» Your objective
Can you set down, exactly as they appear below, the lines from the opening of the material through the one bearing "PESERTA DIDIK SDN", minus the pictures?

» Data below
•••••
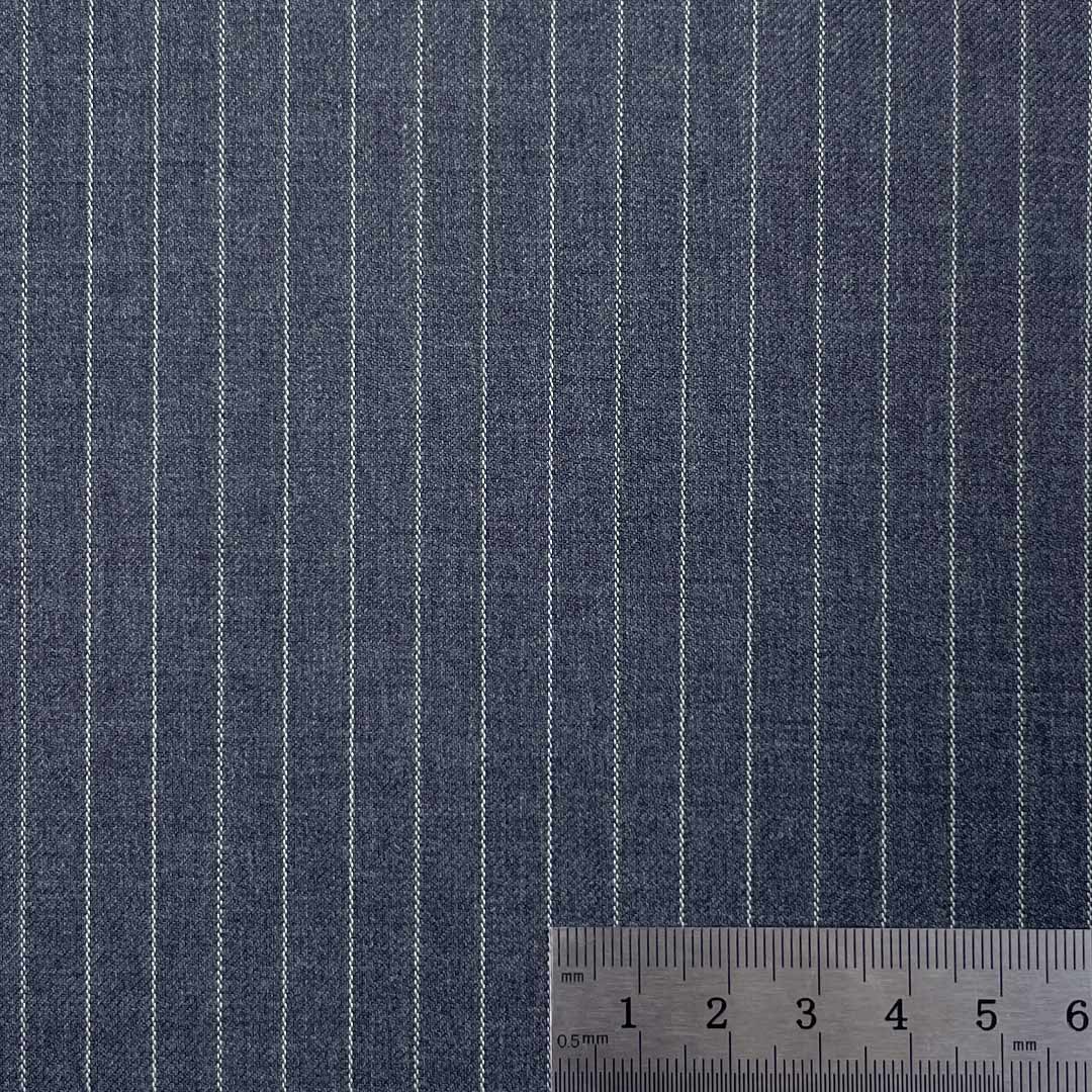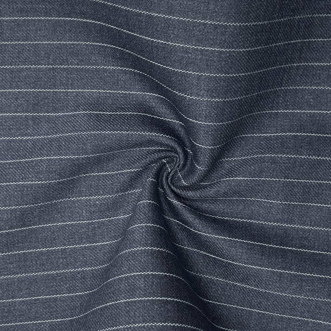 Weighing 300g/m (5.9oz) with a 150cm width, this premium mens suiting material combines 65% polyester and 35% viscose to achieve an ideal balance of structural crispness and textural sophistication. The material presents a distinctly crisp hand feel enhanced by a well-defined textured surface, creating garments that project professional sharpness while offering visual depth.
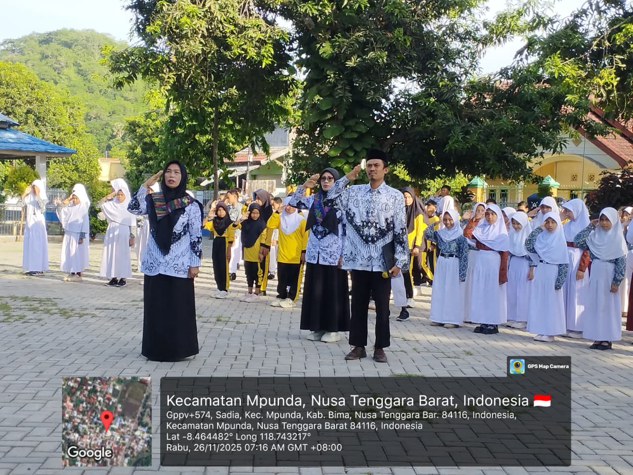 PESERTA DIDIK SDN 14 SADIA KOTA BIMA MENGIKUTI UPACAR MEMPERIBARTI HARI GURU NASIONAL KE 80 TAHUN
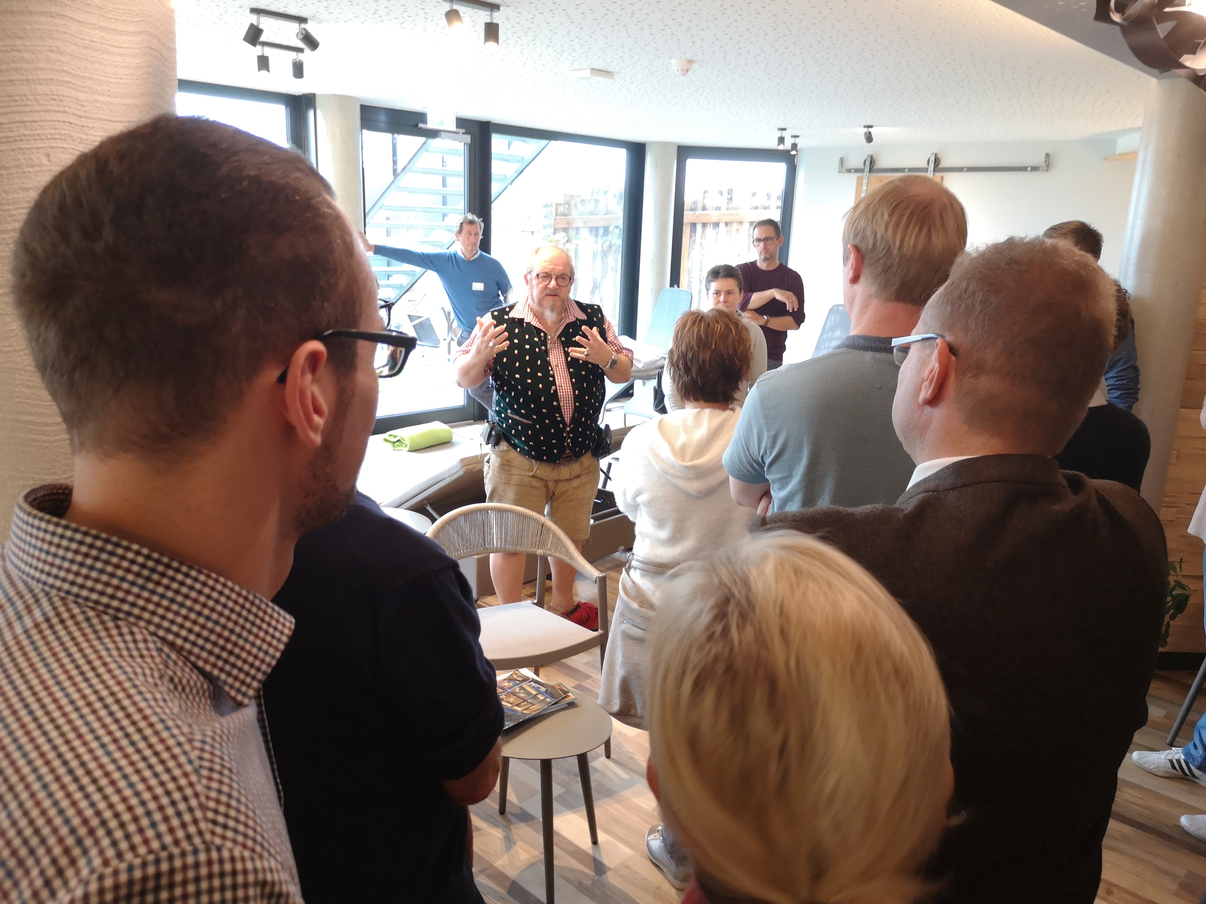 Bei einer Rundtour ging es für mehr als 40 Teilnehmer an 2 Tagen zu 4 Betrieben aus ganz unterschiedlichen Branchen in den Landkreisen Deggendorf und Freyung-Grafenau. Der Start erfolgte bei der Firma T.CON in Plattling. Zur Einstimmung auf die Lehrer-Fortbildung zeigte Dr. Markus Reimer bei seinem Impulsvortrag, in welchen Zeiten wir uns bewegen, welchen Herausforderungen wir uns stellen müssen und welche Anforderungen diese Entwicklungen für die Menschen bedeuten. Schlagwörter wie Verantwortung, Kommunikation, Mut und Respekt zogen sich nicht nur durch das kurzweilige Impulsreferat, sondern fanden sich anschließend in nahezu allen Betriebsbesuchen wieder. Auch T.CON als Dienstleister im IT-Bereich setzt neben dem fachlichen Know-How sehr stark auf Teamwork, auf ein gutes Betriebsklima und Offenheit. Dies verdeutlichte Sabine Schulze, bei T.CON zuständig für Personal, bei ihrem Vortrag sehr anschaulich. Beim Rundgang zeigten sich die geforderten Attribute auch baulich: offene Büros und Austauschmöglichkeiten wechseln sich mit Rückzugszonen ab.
•••••
» Solution
 Weighing 300g/m (5.9oz) with a 150cm width, this premium mens suiting material combines 65% polyester and 35% viscose to achieve an ideal balance of structural crispness and textural sophistication. The material presents a distinctly crisp hand feel enhanced by a well-defined textured surface, creating garments that project professional sharpness while offering visual depth.
 PESERTA DIDIK SDN 14 SADIA KOTA BIMA MENGIKUTI UPACAR MEMPERIBARTI HARI GURU NASIONAL KE 80 TAHUN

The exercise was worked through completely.